Directions
What you return should match the data word for word, minus the images.

The data
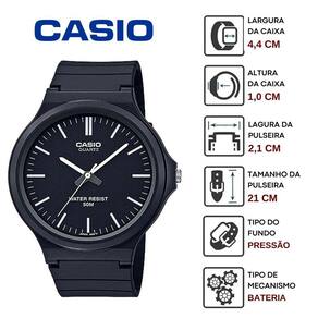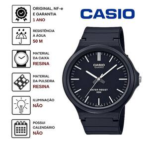 Relógio Casio Unisex Standard Analogico Casual Preto MW-240-1EVDFDescubra o relógio Casio Analógico MW-240, perfeito para o seu dia a dia! Seu design moderno e impactante, com caixa grande e pulseira em resina, oferece estilo e conforto. O vidro com resina protege contra riscos e impactos, oferecendo durabilidade. Com exibição analógica de 3 ponteiros e precisão de ±20 segundos por mês, você sempre saberá as horas com clareza. A bateria dura aproximadamente 3 anos, evitando substituições frequentes. Prático, funcional e confiável, o Casio Analógico MW-240 é a escolha perfeita para você.Recursos:Resistência a água a até 50 metrosEstojo grandeEspecificações:Material do corpo/anel: resinaPulseira em resinaVidro com resinaResistente a água a até 50 mHorário regularAnalógico: 3 ponteiros (hora, minuto, segundo)Precisão: ±20 segundos por mêsDuração aprox. da bateria: 3 anos no SR626SWMedidas:Diâmetro da caixa: 4,8x4,4cmEspessura da caixa: 1,0cmTamanho da pulseira: 21cmLargura da pulseira: 2,1 cmPeso do relógio: 35gConteúdo da Embalagem:Estojo da MarcaAcessórios (correspondentes a cada modelo)Manual em PortuguêsCertificado de 01 ano junto ao FabricanteNota Fiscal EletrônicaO Grupo Casio Brasil assegura o perfeito funcionamento do seu relógio pelo período de 01 ano em todo território nacional, caso o seu produto apresente algum defeito, encaminhe diretamente à assistência técnica mais próxima de sua região, sempre acompanhado da documentação recebida. Ean: 4549526213045
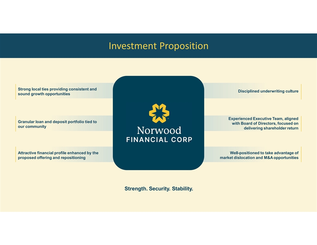 Investment Proposition Strong local ties providing consistent and Disciplined underwriting culture sound growth opportunities Experienced Executive Team, aligned Granular loan and deposit portfolio tied to with Board of Directors, focused on our community delivering shareholder return Attractive financial profile enhanced by the Well-positioned to take advantage of proposed offering and repositioning market dislocation and M&Aopportunities Strength. Security. Stability.
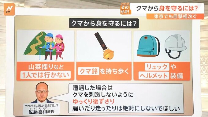 クマの生態に詳しい酪農学園大学の佐藤喜和教授は、「遭遇した場合は、クマを刺激しないようにゆっくり後ずさり。騒いだり走ったりは絶対にしないでほしい」と話しています。

Result of the exercise
 Relógio Casio Unisex Standard Analogico Casual Preto MW-240-1EVDFDescubra o relógio Casio Analógico MW-240, perfeito para o seu dia a dia! Seu design moderno e impactante, com caixa grande e pulseira em resina, oferece estilo e conforto. O vidro com resina protege contra riscos e impactos, oferecendo durabilidade. Com exibição analógica de 3 ponteiros e precisão de ±20 segundos por mês, você sempre saberá as horas com clareza. A bateria dura aproximadamente 3 anos, evitando substituições frequentes. Prático, funcional e confiável, o Casio Analógico MW-240 é a escolha perfeita para você.Recursos:Resistência a água a até 50 metrosEstojo grandeEspecificações:Material do corpo/anel: resinaPulseira em resinaVidro com resinaResistente a água a até 50 mHorário regularAnalógico: 3 ponteiros (hora, minuto, segundo)Precisão: ±20 segundos por mêsDuração aprox. da bateria: 3 anos no SR626SWMedidas:Diâmetro da caixa: 4,8x4,4cmEspessura da caixa: 1,0cmTamanho da pulseira: 21cmLargura da pulseira: 2,1 cmPeso do relógio: 35gConteúdo da Embalagem:Estojo da MarcaAcessórios (correspondentes a cada modelo)Manual em PortuguêsCertificado de 01 ano junto ao FabricanteNota Fiscal EletrônicaO Grupo Casio Brasil assegura o perfeito funcionamento do seu relógio pelo período de 01 ano em todo território nacional, caso o seu produto apresente algum defeito, encaminhe diretamente à assistência técnica mais próxima de sua região, sempre acompanhado da documentação recebida. Ean: 4549526213045
 Investment Proposition Strong local ties providing consistent and Disciplined underwriting culture sound growth opportunities Experienced Executive Team, aligned Granular loan and deposit portfolio tied to with Board of Directors, focused on our community delivering shareholder return Attractive financial profile enhanced by the Well-positioned to take advantage of proposed offering and repositioning market dislocation and M&Aopportunities Strength. Security. Stability.
 クマの生態に詳しい酪農学園大学の佐藤喜和教授は、「遭遇した場合は、クマを刺激しないようにゆっくり後ずさり。騒いだり走ったりは絶対にしないでほしい」と話しています。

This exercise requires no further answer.